The outlier detection method towards big data that the invention discloses a kind of, this method is using quantity of the combination of each data tuple all properties value in data set in entire data set as the feature of the data tuple, since this feature is that quantity calculating from the combination of all properties value in data tuple in entire data set is got, so this feature can react the difference degree between the data tuple and whole data set comprehensively and accurately, it whereby it can be detected which data characteristics differs markedly from whole data set, that is, be used as outlier.And the present invention is based on the Importance of attribute sex knowledge of rough set to carry out dimensionality reduction to high dimensional data so that High Dimensional Data Set can be effectively treated in the invention.The method of the present invention has higher outlier detection accuracy rate, and simple and practicable, is not required to the distribution of data in master data set, and domain knowledge need not also train estimation model on data set, a large amount of time is saved for outlier detection.

Description

A kind of outlier detection method towards big data
Technical field
The outlier detection method towards big data that the present invention relates to a kind of, belongs to Data Preprocessing Technology field.
Background technology
Recently as the high speed development of information technology, global metadata is lasting to be increased with astonishing speed, we The big data epoch are marched toward in the world.How valuable data or information obtained from complicated data, it has also become Ren Menguan The focus of note.Outlier detection is an important directions of data mining.Outlier detection focuses mainly on one in data set Fraction object, compared with remainder data in data set, this sub-fraction object does not meet the universal model of data set, we are just The data of this part are referred to as outlier.Outliers Detection is exactly the data mining skill for finding unconventional pattern from mass data Art.The purpose of detection outlier is to eliminate the noise of raw data set or find that initial data concentrates potential valuable letter Breath.It is widely used in quality control, fault detect, financial fraud, Web Log Analysis, medical treatment, environmental science, smart city Equal fields.In many scientific domains, Outlier Data may bring new inspiration to us, is found so as to cause new knowledge It is developed with new application.Therefore there is highly important theory significance and actual application value for the detection of outlier.Mesh The preceding detection and analysis to outlier has been developed as a vital task in data mining and data management.And it is traditional from Group's point detecting method generally existing Detection accuracy is low, cannot handle extensive high-dimensional data set.
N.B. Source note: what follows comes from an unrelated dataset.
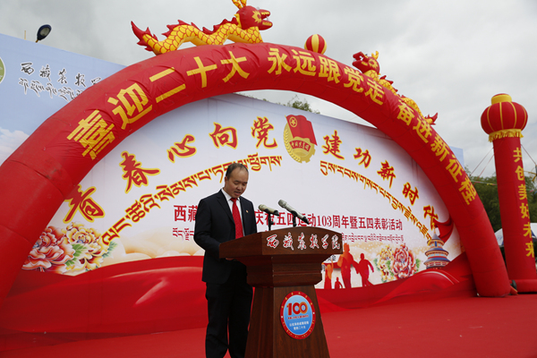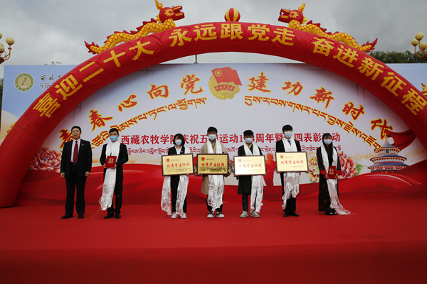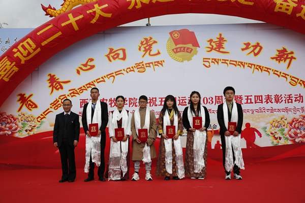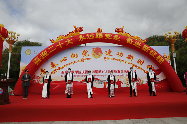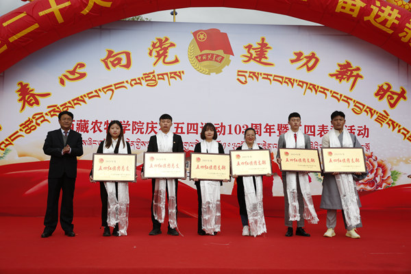 (云丹加措书记为“五四红旗团总支”“五四红旗团支部”颁奖)

Therefore, it is badly in need of a kind of algorithm that outlier detection accuracy rate is high, and algorithm can preferably be suitable for extensive number According to the environment of collection.
Invention content
The technical problem to be solved by the present invention is to:A kind of outlier detection method towards big data is provided, number is defined The object that data set is differed markedly from according to feature is outlier, and this method has higher Detection accuracy, and uses and divide The outlier detection method of cloth adapts to extensive High Dimensional Data Set.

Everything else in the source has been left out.